> **YOUR GOAL**: Exact repetition of a range: find the line containing "Kit OFF/ON GRID" and the line containing "Гипсовые скульптуры художника" in the material below, then repeat both and all lines between them, leaving pictures out.

> **INFORMATION SUPPLIED**:

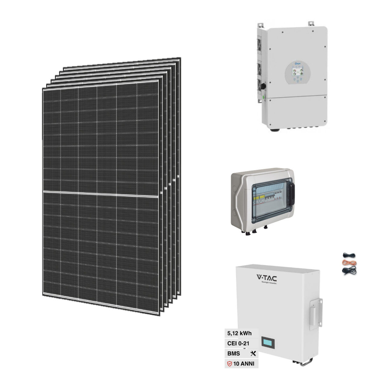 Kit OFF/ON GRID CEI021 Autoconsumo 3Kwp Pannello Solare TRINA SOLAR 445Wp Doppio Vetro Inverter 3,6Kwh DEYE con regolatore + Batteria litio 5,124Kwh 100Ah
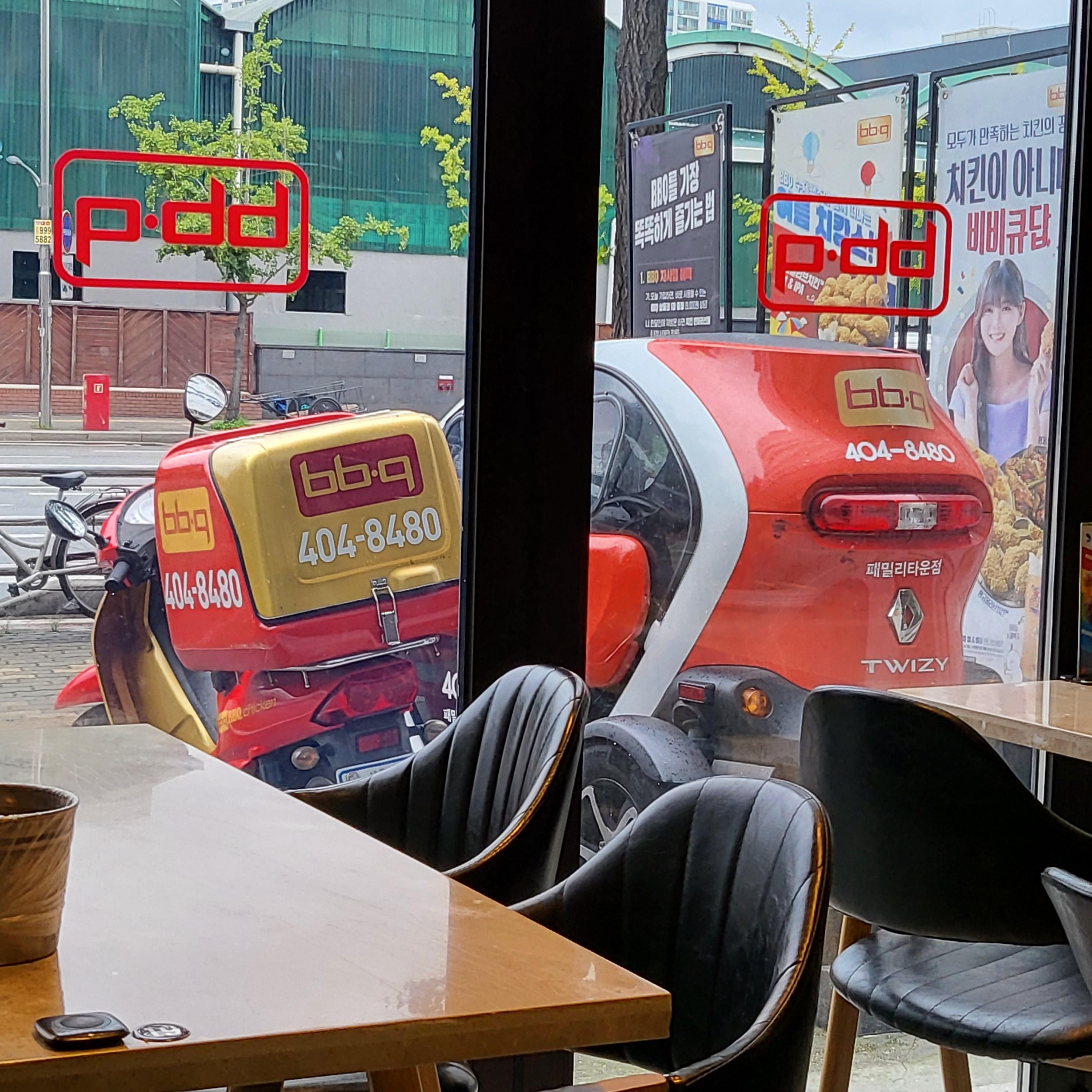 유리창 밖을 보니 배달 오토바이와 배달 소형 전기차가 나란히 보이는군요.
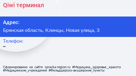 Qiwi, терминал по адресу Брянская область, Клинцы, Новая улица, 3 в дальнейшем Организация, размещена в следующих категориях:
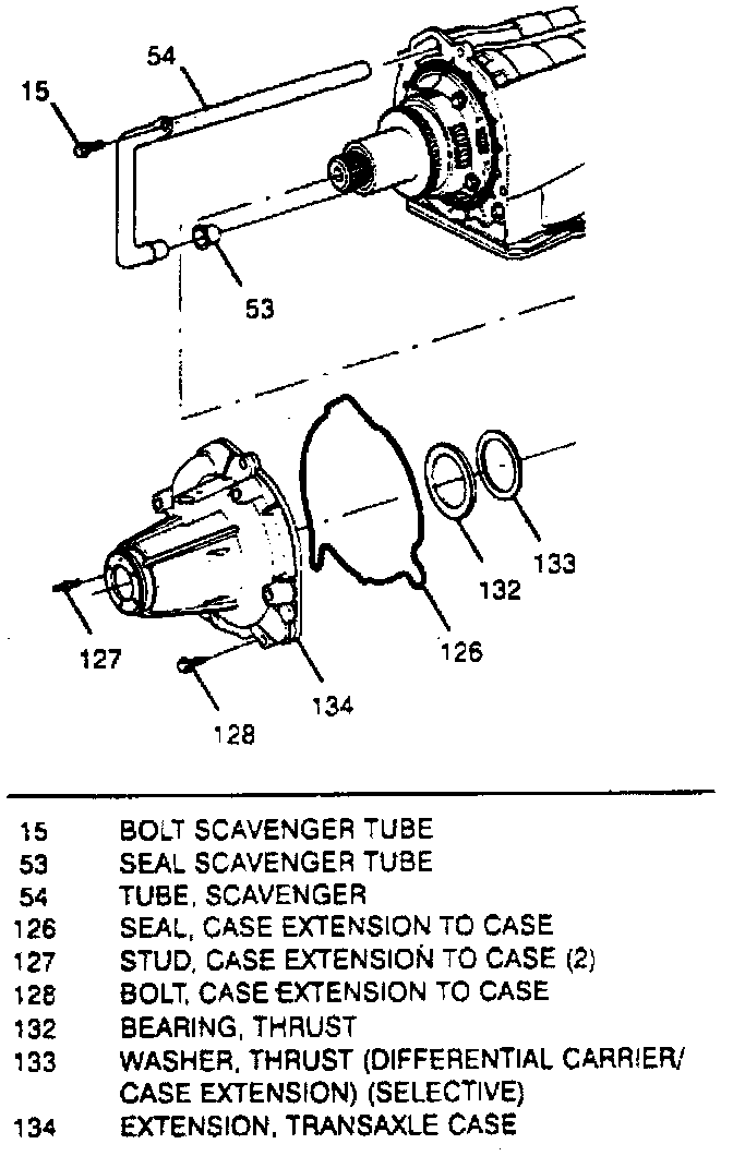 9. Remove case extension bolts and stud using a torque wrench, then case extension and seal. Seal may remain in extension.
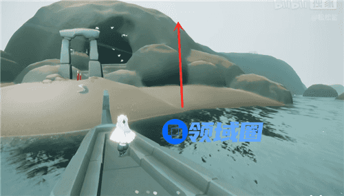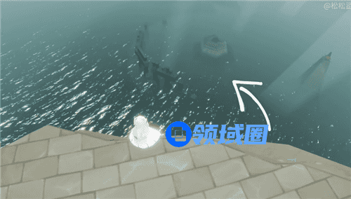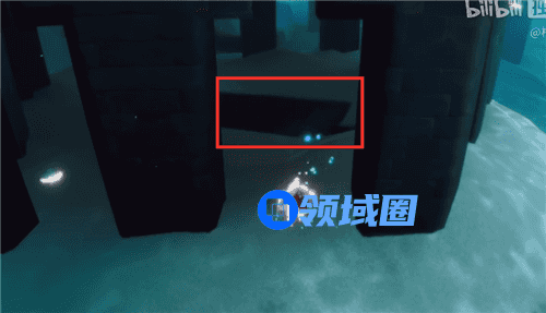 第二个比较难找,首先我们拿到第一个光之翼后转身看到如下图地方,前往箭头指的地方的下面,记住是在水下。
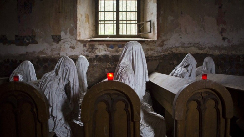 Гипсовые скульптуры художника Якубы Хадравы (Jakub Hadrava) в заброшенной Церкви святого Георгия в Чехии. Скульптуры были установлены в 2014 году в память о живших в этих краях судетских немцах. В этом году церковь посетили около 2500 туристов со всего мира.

==

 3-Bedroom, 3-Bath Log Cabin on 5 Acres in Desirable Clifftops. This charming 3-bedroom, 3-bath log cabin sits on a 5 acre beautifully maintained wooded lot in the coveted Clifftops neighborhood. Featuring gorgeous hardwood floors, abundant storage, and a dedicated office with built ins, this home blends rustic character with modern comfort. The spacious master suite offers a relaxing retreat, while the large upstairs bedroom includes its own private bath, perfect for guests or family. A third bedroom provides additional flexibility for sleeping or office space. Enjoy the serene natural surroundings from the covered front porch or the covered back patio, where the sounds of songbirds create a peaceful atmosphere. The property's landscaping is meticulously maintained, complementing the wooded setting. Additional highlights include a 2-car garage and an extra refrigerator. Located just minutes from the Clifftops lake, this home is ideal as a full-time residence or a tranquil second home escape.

> **FINISHED TASK**:
 Kit OFF/ON GRID CEI021 Autoconsumo 3Kwp Pannello Solare TRINA SOLAR 445Wp Doppio Vetro Inverter 3,6Kwh DEYE con regolatore + Batteria litio 5,124Kwh 100Ah
 유리창 밖을 보니 배달 오토바이와 배달 소형 전기차가 나란히 보이는군요.
 Qiwi, терминал по адресу Брянская область, Клинцы, Новая улица, 3 в дальнейшем Организация, размещена в следующих категориях:
 9. Remove case extension bolts and stud using a torque wrench, then case extension and seal. Seal may remain in extension.
 第二个比较难找,首先我们拿到第一个光之翼后转身看到如下图地方,前往箭头指的地方的下面,记住是在水下。
 Гипсовые скульптуры художника Якубы Хадравы (Jakub Hadrava) в заброшенной Церкви святого Георгия в Чехии. Скульптуры были установлены в 2014 году в память о живших в этих краях судетских немцах. В этом году церковь посетили около 2500 туристов со всего мира.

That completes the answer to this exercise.